Dataset extract
☆ ☆ ☆ ☆
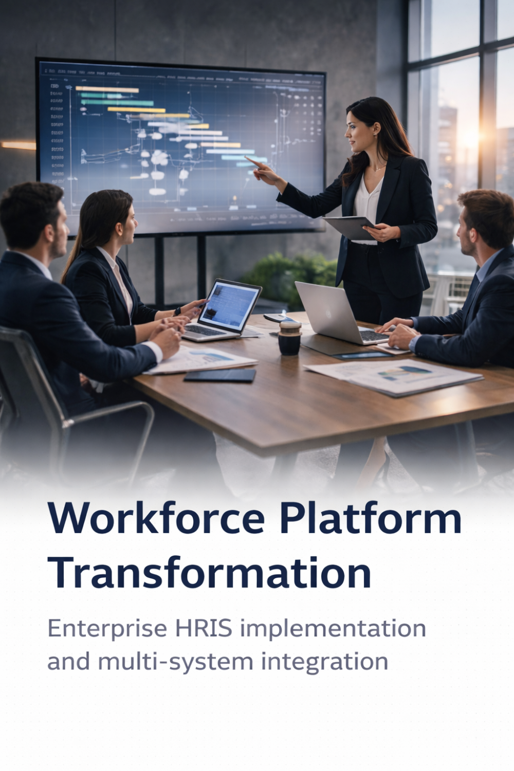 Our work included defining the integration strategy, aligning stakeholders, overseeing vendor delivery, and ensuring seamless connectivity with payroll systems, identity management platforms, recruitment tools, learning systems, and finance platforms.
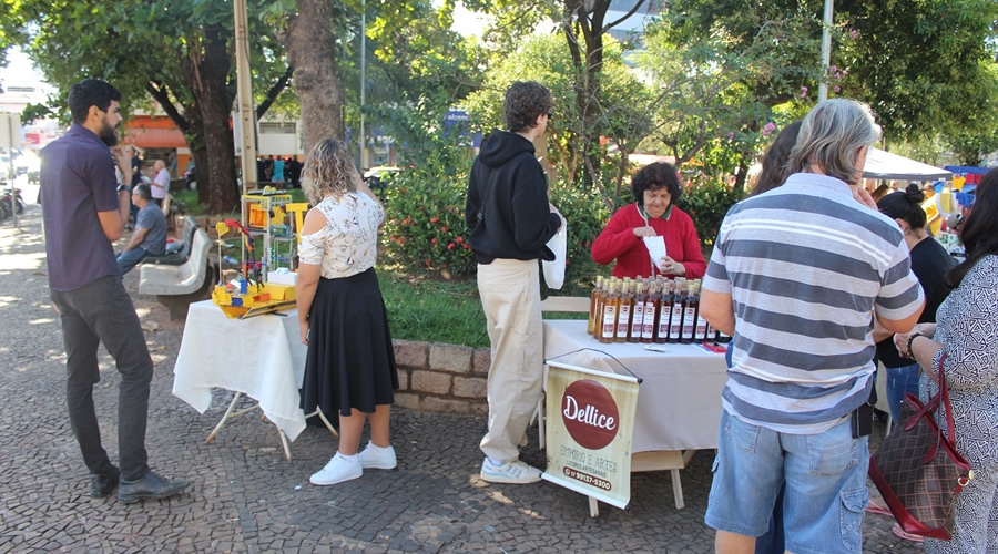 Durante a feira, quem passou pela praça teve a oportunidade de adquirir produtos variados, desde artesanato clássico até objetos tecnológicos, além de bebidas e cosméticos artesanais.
☆ ☆ ☆ ☆
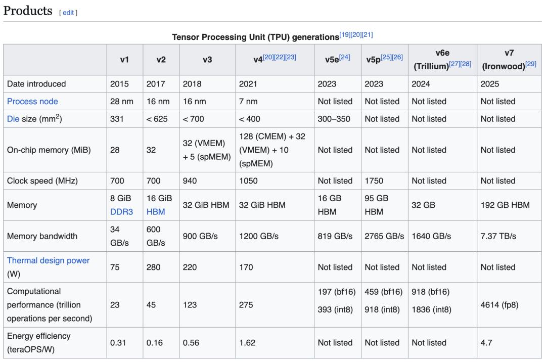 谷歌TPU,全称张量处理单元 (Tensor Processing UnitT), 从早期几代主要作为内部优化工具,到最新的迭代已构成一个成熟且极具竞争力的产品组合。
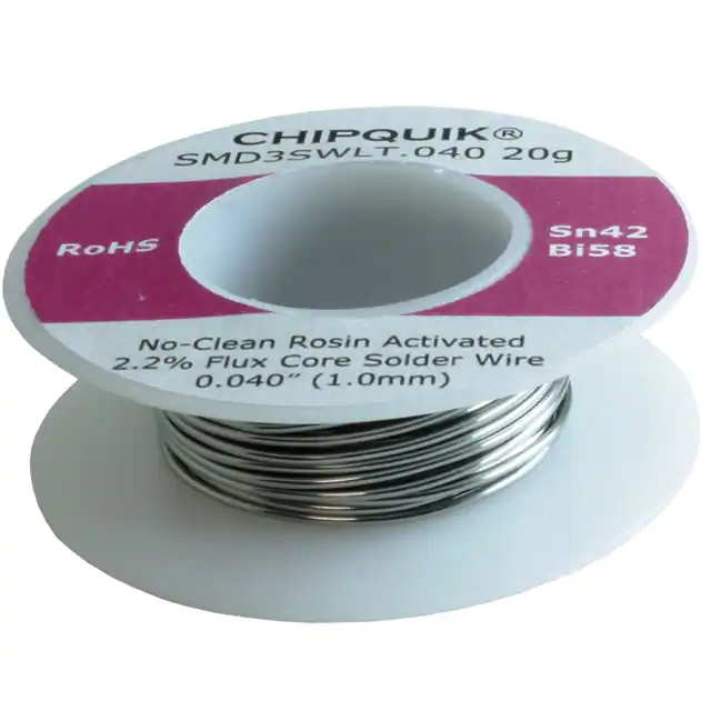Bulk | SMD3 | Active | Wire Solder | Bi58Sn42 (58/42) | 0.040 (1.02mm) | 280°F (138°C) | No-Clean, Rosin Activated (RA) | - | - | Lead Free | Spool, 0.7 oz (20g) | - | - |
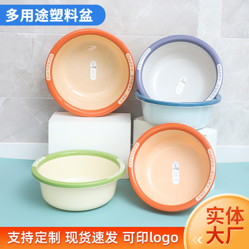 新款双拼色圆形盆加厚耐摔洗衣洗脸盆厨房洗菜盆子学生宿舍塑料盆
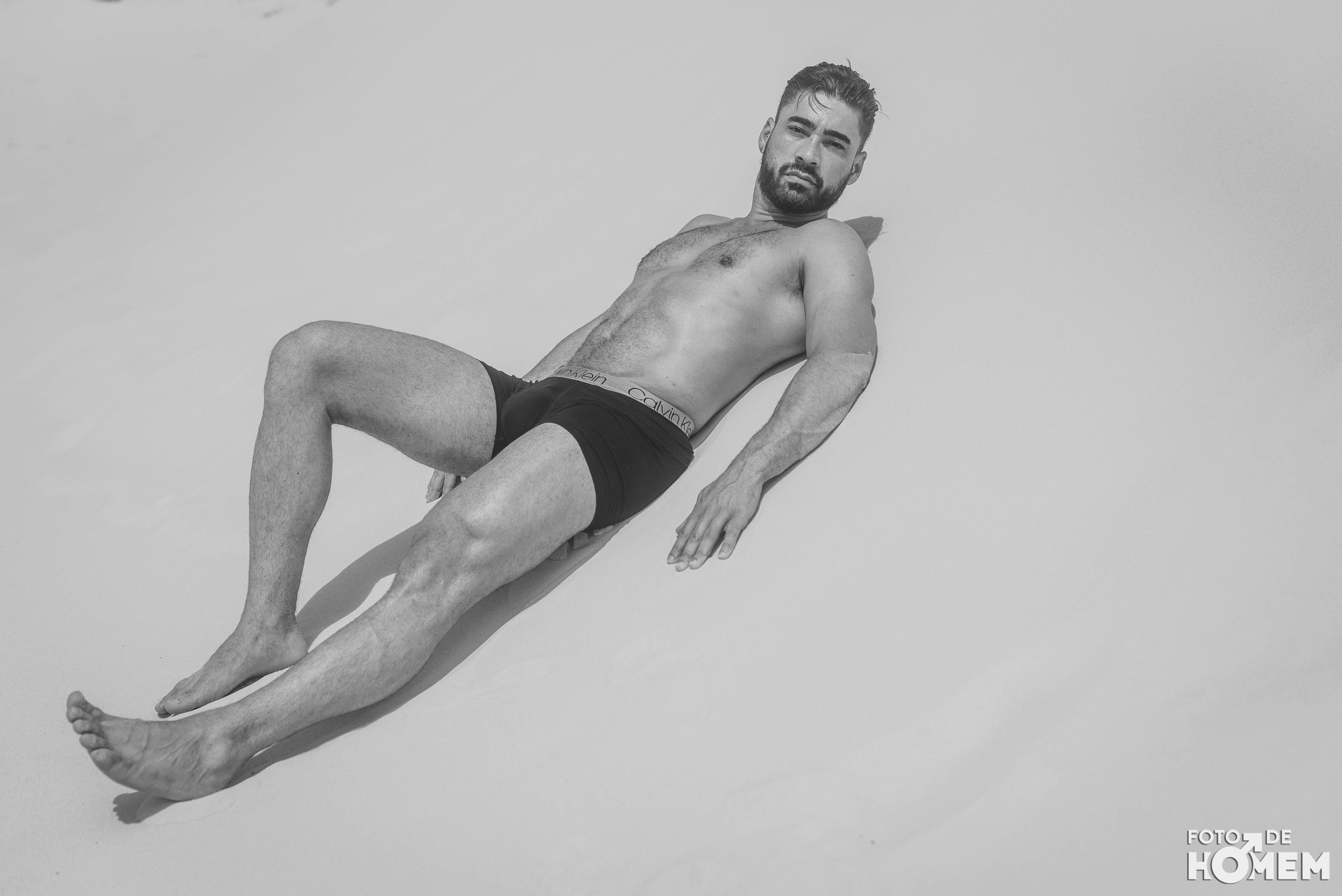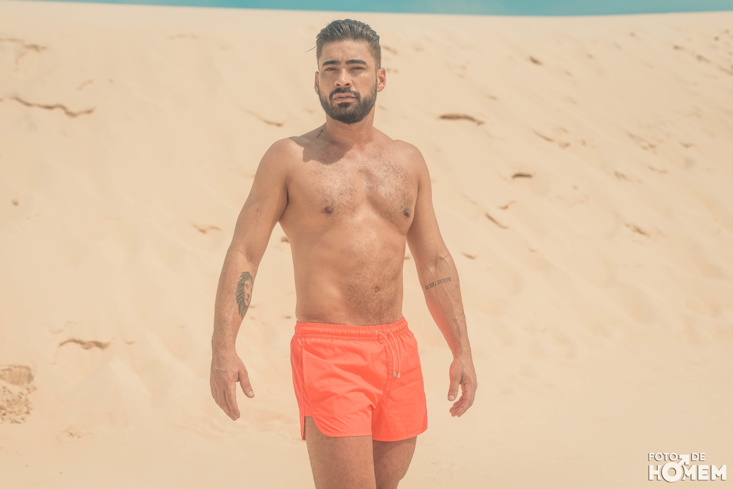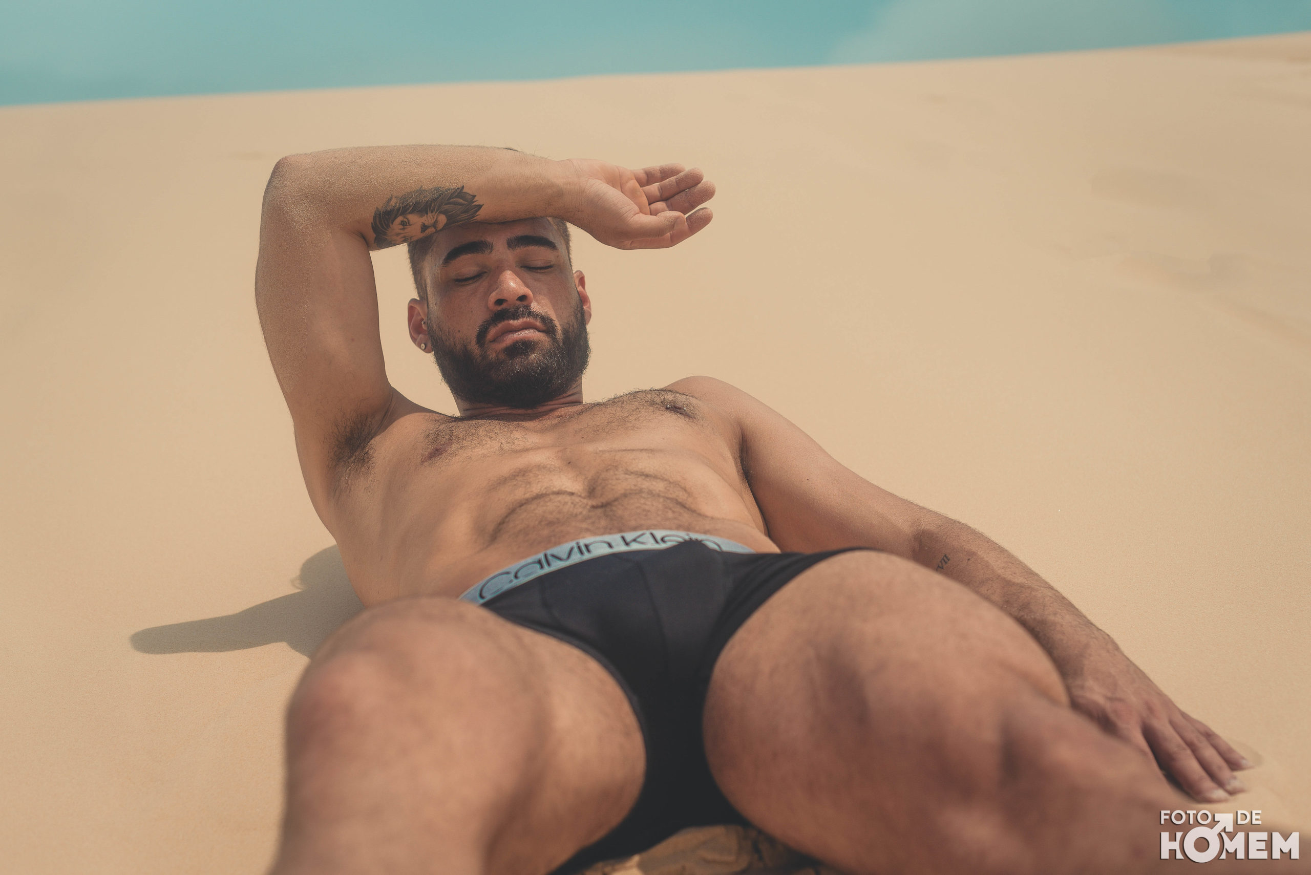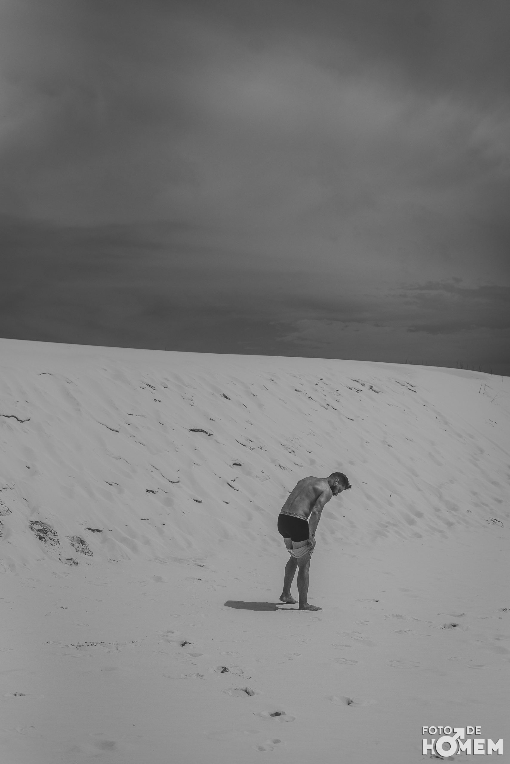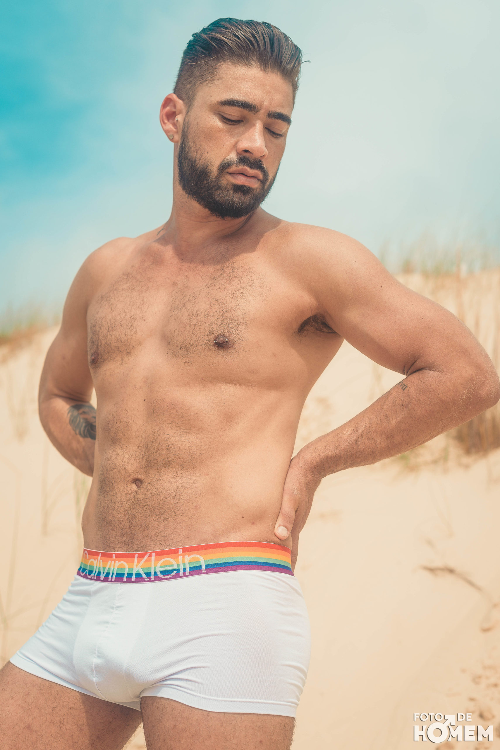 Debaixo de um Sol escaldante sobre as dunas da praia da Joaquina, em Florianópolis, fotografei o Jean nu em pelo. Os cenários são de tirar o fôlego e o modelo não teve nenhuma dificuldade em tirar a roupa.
☆ ☆ ☆ ☆
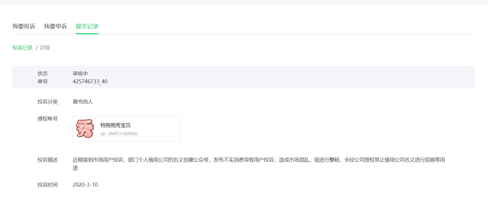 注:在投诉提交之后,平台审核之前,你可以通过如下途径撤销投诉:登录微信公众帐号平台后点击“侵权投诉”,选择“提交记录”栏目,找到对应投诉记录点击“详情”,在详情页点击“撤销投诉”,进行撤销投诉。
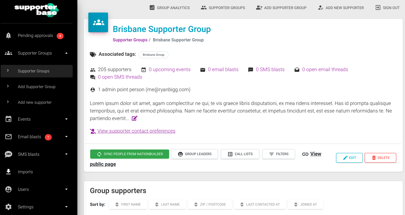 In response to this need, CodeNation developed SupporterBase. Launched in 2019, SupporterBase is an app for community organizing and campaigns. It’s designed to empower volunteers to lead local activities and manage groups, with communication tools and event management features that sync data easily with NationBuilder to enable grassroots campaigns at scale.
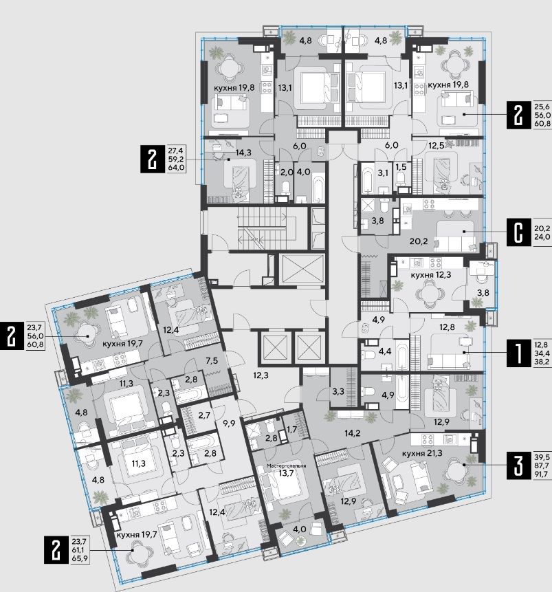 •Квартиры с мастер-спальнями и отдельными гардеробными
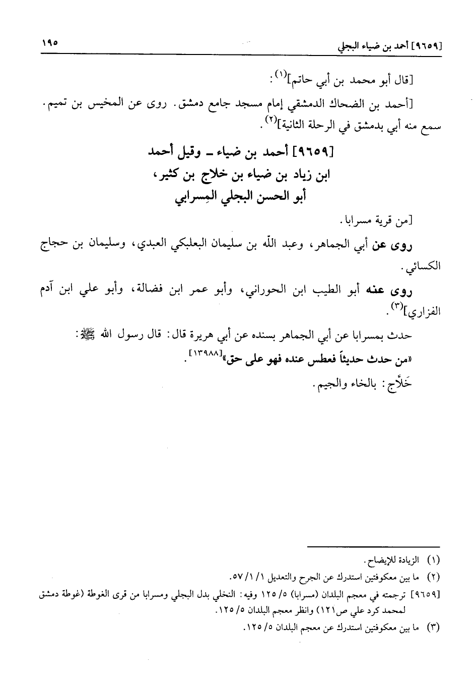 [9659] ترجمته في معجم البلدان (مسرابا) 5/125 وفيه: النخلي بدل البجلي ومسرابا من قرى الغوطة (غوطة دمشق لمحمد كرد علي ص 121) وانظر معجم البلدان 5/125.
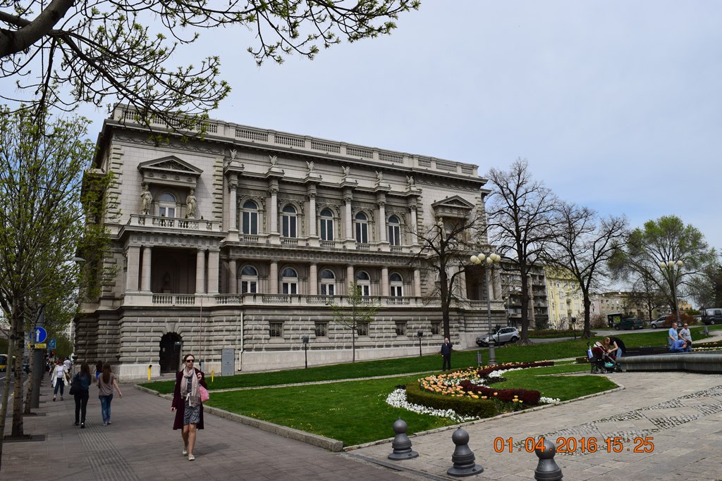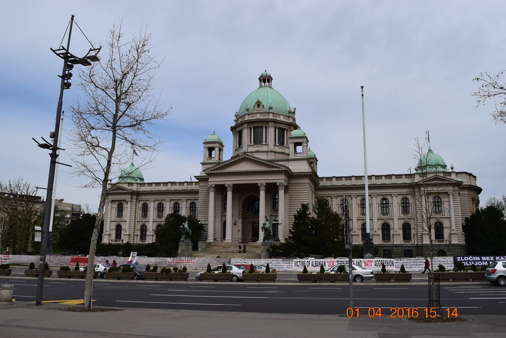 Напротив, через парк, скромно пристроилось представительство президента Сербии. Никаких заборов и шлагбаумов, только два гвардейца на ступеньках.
☆ ☆ ☆ ☆
Look above for the line with "[9659] ترجمته في" and the line with "Напротив, через парк, скромно". Give again exactly those two lines and all lines between them, pictures excluded.

 [9659] ترجمته في معجم البلدان (مسرابا) 5/125 وفيه: النخلي بدل البجلي ومسرابا من قرى الغوطة (غوطة دمشق لمحمد كرد علي ص 121) وانظر معجم البلدان 5/125.
 Напротив, через парк, скромно пристроилось представительство президента Сербии. Никаких заборов и шлагбаумов, только два гвардейца на ступеньках.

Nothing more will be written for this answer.